In fact, second steppers are so reluctant to lose money on their home they would rather rent it out, sell it to a landlord or just stay put until the market recovers than drop the price. Unfortunately this is blocking up the options for first time buyers by taking a lot of affordable property out of the market altogether.
Equity leg up
To solve this problem, Lloyds TSB has decided to effectively offer the second steppers on its books a leg up onto the second rung of the property ladder. It believes this will not only benefit second steppers but will in turn free up housing for first time buyers and give the market a much needed kickstart.
What is the Lloyds TSB 120% mortgage deal?
The scheme works like a portable mortgage, allowing you to use your hard earned cash to put down a deposit on a new property rather than plug the gap caused by negative equity. You can trade up, down or buy a property of a similar value but, most importantly, you won’t be able to increase the size of your mortgage – any extra money you need to buy the property must come from your own pocket.

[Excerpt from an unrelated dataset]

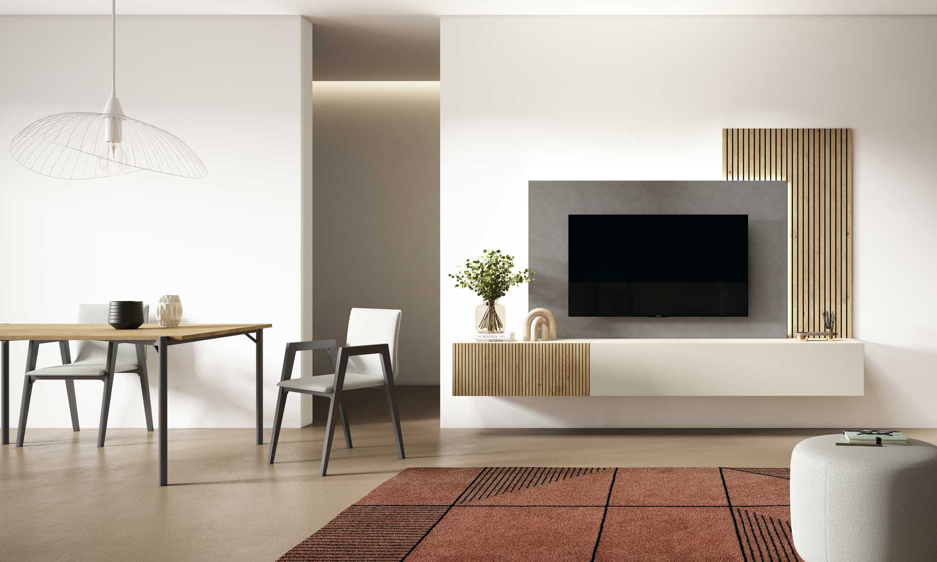 Apilable en visón, boreal roble hera y gris basalto colgado a pared.

The deal is only available to existing Lloyds mortgage customers and you’ll only be eligible if you’re negative equity is 120% LTV or less.
If you can afford to buy a higher value property using this scheme, the money you put down as a deposit will, of course, reduce the loan-to-value of your mortgage. Take this example:
Current mortgage: £130,000
New mortgage: £130,000
Current property worth: £110,000
New property worth: £120,000
Current LTV: 118%
New LTV: 108%
Additional customer deposit: £10,000
Source: Lloyds TSB
Of course, you've had to invest £10,000 in a new property to make the move shown above - and the property is still worth less than the mortgage.
Yes, unlike the risky 100%+ LTV mortgages we saw being offered before the credit crunch, borrowers aren't taking on any extra debt by taking out this mortgage. But there still is a risk for borrowers who decide to step up and put down their savings to buy a higher value property. If you lost your job or somehow failed to keep up the payments on your mortgage and the property was repossessed, you'd lose all the extra money you'd put down as a deposit for the property. Lloyds TSB would be entitled to take the entire proceedings of the sale of the property due to the high LTV.
In other words, if the property were to be repossessed, Lloyds TSB would benefit from the extra money you'd invested into the property - not you.
For this reason, this scheme is best suited for those looking to relocate to a property of the exact same value – not, in fact, those who want to step up the property ladder to a more expensive property. Keep your money in your savings account!
Who’s it for?
The scheme is only available to existing Lloyds TSB mortgage customers and is not currently being rolled out to brokers.
Lloyds estimate that 80% of second steppers are aged between 25 and 34 years old, four out of five are either married or living with their partner and their mean household income is approximately £51,400.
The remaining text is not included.